All of my past flying had been, essentially, east of the Mississippi, so when my son moved to GJT, I was cautious about making this transition. I read up on the subject, reviewed the Colorado Pilots Assoc web site (a wealth of information) and attended the ABS Mountain Flying School in COS in June '05. At that time, I had not yet purchased my NavPad, so I loaded cardinal fixes in my strictly IFR GNS-480 in spite of the fact that this was to be a purely VFR experience and GPS was frowned upon by the instructors as useless, even dangerous ("straight line navigation through Cumulogranite") in mountain flying folklore.
Since the GNS-480's moving map is devoid of almost all terrain or other topographical depiction, the NavPad promised to supplement, rather than just duplicate, some the many advanced features of my panel mounted GPS. Nowhere has this been more obvious than in mountain flying. After initial difficulty figuring out how to create user defined waypoints, then loading some cardinal and other user defined route fixes into a stored flight plan, the previously intimidating task of flying up valleys flanked by mountains with peaks soaring above my enroute altitude, and transitioning over “mountain passes” to the next valley path, became quite easy to do with a new found sense of confidence and safety. Zoom in for intricate terrain avoidance detail with elevations and all other manner of terrain features depicted of what is immediately at hand - or - zoom out to see where the rest of the depicted flight path winds it’s way through visible valley gradients bounded by equally distinguishable mountain peaks with cardinal elevation numbers depicted all the way to destination.
This course even includes the rather tricky initial transition through the COS Class C Airspace, sliding south around the USAF Academy Restricted Airspace, then west of the NORAD Restricted Airspace and finally squeezing between Ft Carson’s Restricted Airspace and the western edge of the Rockies before turning up the Arkansas River Valley into the full majesty and height of the Rockies. I can only imagine how many pilots without the benefit of this moving map terrain and airspace depiction, as well as real time situational awareness, incur the administrative enforcement wrath of the FAA while transitioning through this complex airspace. After my first flight using all of these features, I even added another user defined waypoint fix to fine tune the very tricky and tight transition between, literally, a rock and a hard place (the Rockies & Ft Carson).

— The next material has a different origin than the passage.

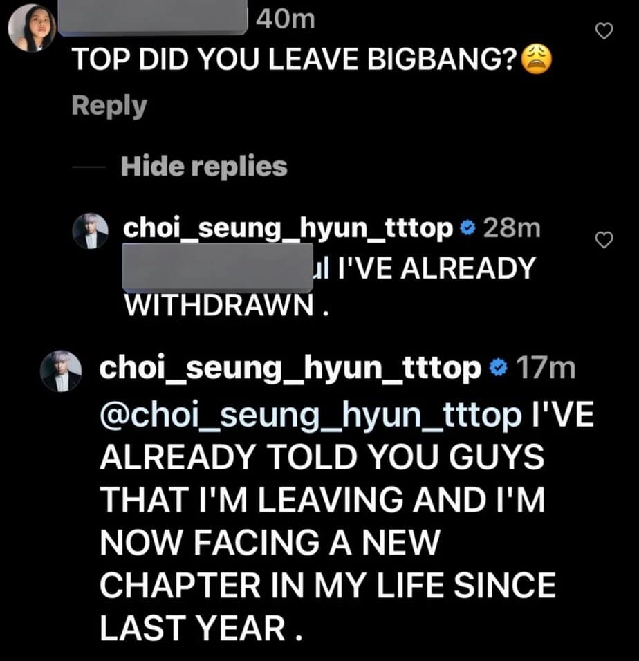 Bu yüzden bir fan sanatçının kendisine sordu. Son Instagram güncellemesinin yorum kısmına, “T.O.P., BIGBANG’den ayrıldın mı?” yazdı. T.O.P. da “Zaten ayrıldım. Size zaten ayrıldığımı ve geçen yıldan beri hayatımın yeni bir bölümüne geçiş yaptığımı söyledim.” diye cevapladı.

I am not suggesting that anyone just load up these waypoints and blast through the Rockies without the benefit of task and terrain specific training - or - not rely primarily upon VFR pilotage skills but, when you add all of that to the amazing features of the
NavAir EFB, it sure makes an otherwise challenging flight a breeze. If I knew how to upload the flight plan I created for this route, I would be more than happy to share it with other pilots.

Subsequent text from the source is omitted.